Epithelial morphogenesis in developing Artemia: the role of cell replication, cell shape change, and the cytoskeleton.

The roles of cell replication and shape change as morphogenetic forces in epithelial invagination were examined in instar II Artemia. The epidermal cells underwent a fixed pattern of cell division during the first 5 hr of instar II. Greater cell replication in the thoracopod bud (ThB) than in the arthrodial membrane (AM) region resulted in a higher density of epidermal cells in the ThB region (differential cell density). The ratio of cell density (AM/ThB) declined from 1.0 to less than 0.80 by Hour 2 of instar II. Invagination of the AM occurred during Hour 4 when the AM/ThB reached 0.75. A 2-hr pulse with 5'-fluorodeoxyuridine (FudR) during instar I delayed completion of the cell replication pattern and development of transverse cell files in the ThB region for a period equal to the length of the exposure.

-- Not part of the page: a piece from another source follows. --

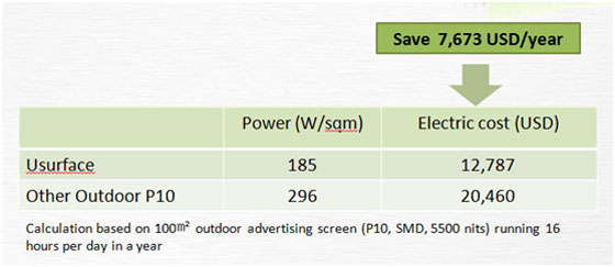 Usurface’s aluminum cabinet is with fan-less design, unique circuit design, more energy efficient. It reduces 40% power consumption compared to common outdoor LED displays.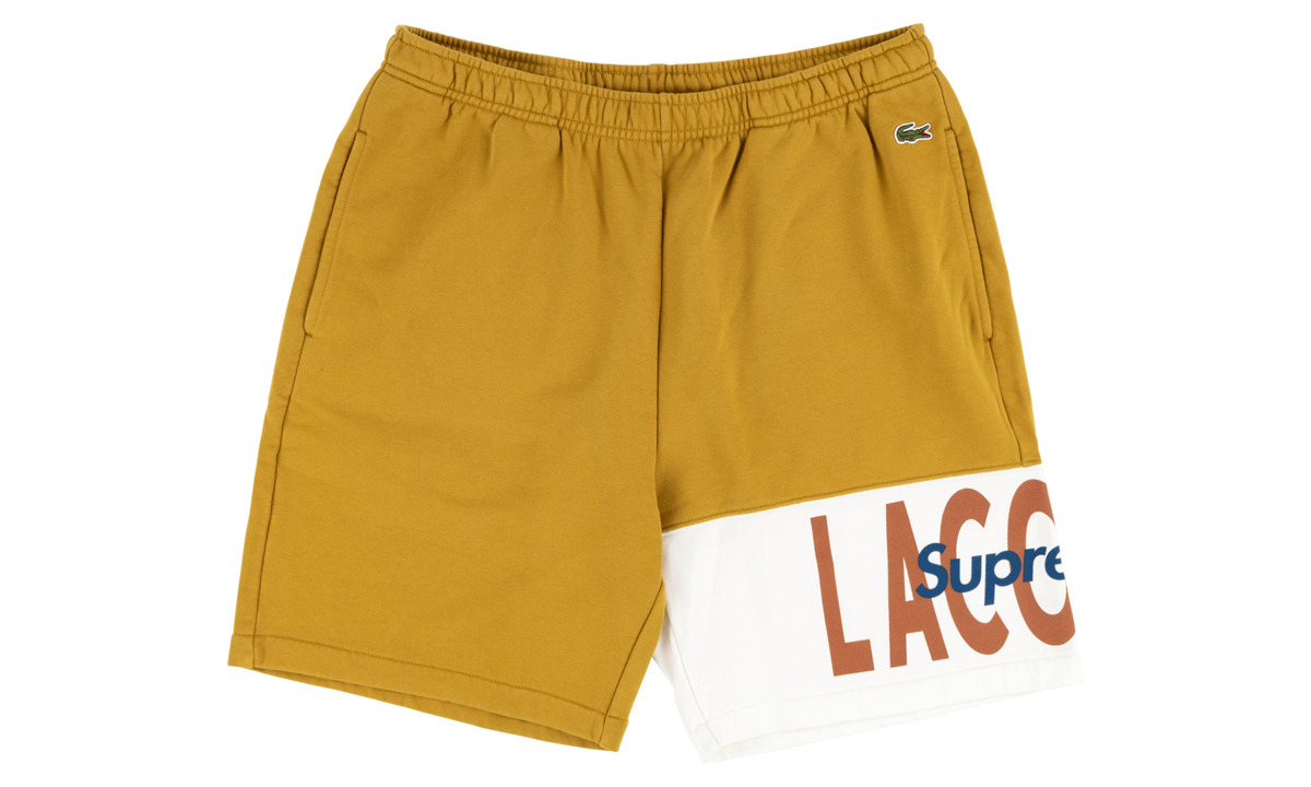 The Lacoste x Supreme Logo Panel Sweatshort is a comfortable pair of shorts ready to wear for any occasion. On the court or on the couch, this pair can be used for performance when you want it — or not. The cotton fleece shorts are a mustard yellow Gold color with an interior drawcord used to adjust the waist with a convenient back pocket. A large white color block is positioned at the bottom of the left leg and Lacoste and Supreme logos in burnt sienna and navy blue are seen layered inside.

The delay in the cell division program resulted in a cell density ratio of 0.93 at Hour 4, a value normally observed in Hour 2 larvae, and evagination of the epidermis did not occur at apolysis (Hour 4). The FudR treatment did not perturb the cytoskeleton or the initial steps in cell shape change and the larvae formed small segments during instar III. Cell shape change within the AM began during Hour 4 as this region became significantly thinner than the neighboring ThB region (thickness ratio, AM/ThB = 0.77). Before apolysis the AM cells became wedge shaped, a change which occurred when the basal region of the cell enlarged. The microtubules and microfilaments were reorganized from the apical cytoplasm to the lateral border of apposing AM cells. Following apolysis (Late Hour 4) shape change was completed as the cells attained a thin spindle form, with microtubule- and microfilament-rich filopodial extensions which overlapped adjacent AM cells. As contact with ThB cells shifted from lateral to apicolateral, the AM cells formed the innermost edge of the invagination. Microtubules in the differentiating AM cells contained tyrosinated, detyrosinated, and acetylated alpha-tubulin isoforms. Treatment with nocodazole, colchicine, taxol, or cytochalasin B blocked AM cell shape change and inhibited segmentation, but did not affect the mitotic pattern or differential cell density. We conclude that the specific pattern of cell division led to differential cell density which, along with AM cell shape change, established the conditions necessary to achieve epidermal evagination.